AIM OF THE EXERCISE: Return the following from the records below: each line, word for word, starting with the line that contains "Bhabinkamtibmas Secara Rutin" and going on through the line that contains "Program 2 uses", with nothing outside that range.

RECORDS FOR THIS TASK:

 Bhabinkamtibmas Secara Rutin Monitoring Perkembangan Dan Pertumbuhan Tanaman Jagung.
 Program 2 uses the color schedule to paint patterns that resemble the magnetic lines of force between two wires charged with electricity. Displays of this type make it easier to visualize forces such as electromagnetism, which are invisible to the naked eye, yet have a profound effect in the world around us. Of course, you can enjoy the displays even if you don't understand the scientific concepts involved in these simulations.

==

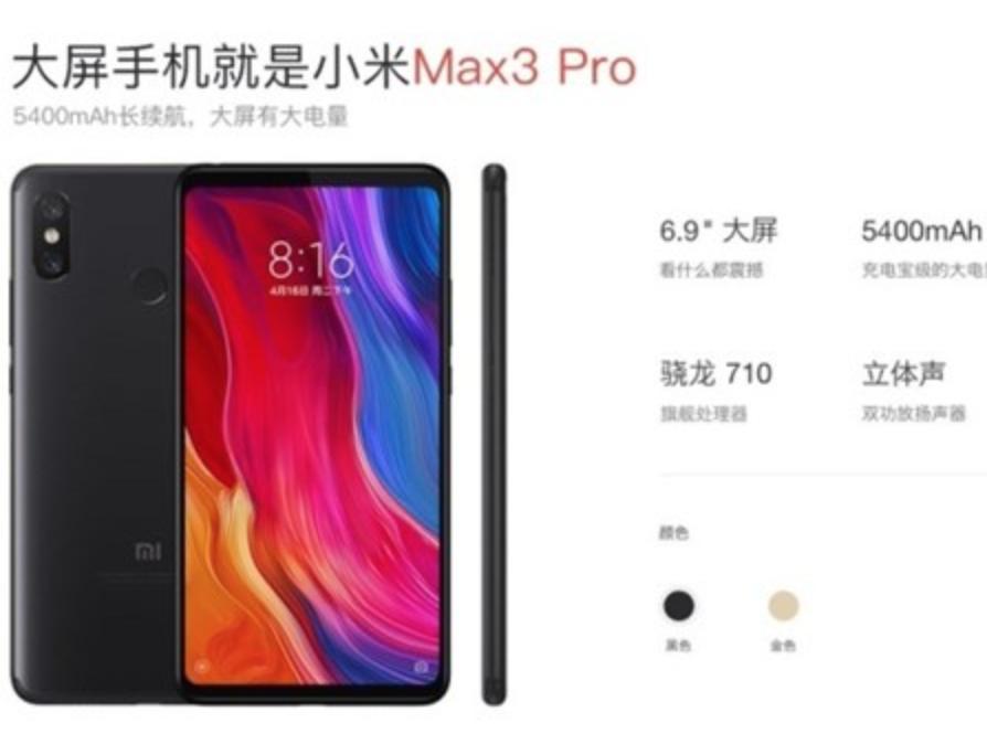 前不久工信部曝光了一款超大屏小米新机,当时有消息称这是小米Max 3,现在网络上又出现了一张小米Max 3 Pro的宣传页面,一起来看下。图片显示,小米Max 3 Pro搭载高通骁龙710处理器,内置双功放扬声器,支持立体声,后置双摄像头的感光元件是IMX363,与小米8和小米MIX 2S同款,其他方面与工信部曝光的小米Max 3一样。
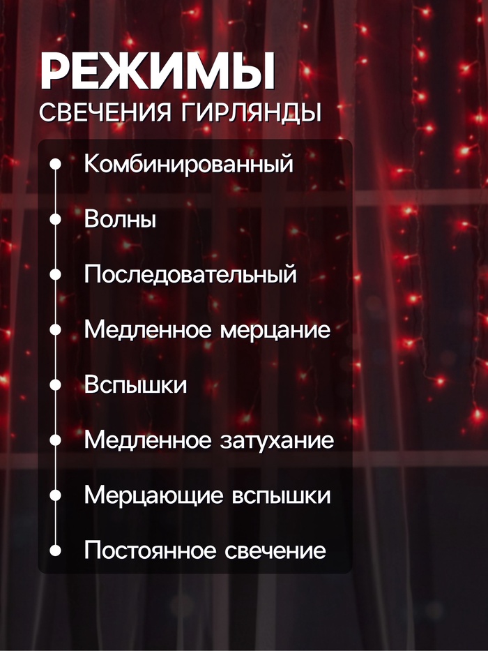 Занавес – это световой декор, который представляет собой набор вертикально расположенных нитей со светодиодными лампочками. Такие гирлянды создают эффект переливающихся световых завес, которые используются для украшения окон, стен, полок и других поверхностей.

ANSWER:
 Bhabinkamtibmas Secara Rutin Monitoring Perkembangan Dan Pertumbuhan Tanaman Jagung.
 Program 2 uses the color schedule to paint patterns that resemble the magnetic lines of force between two wires charged with electricity. Displays of this type make it easier to visualize forces such as electromagnetism, which are invisible to the naked eye, yet have a profound effect in the world around us. Of course, you can enjoy the displays even if you don't understand the scientific concepts involved in these simulations.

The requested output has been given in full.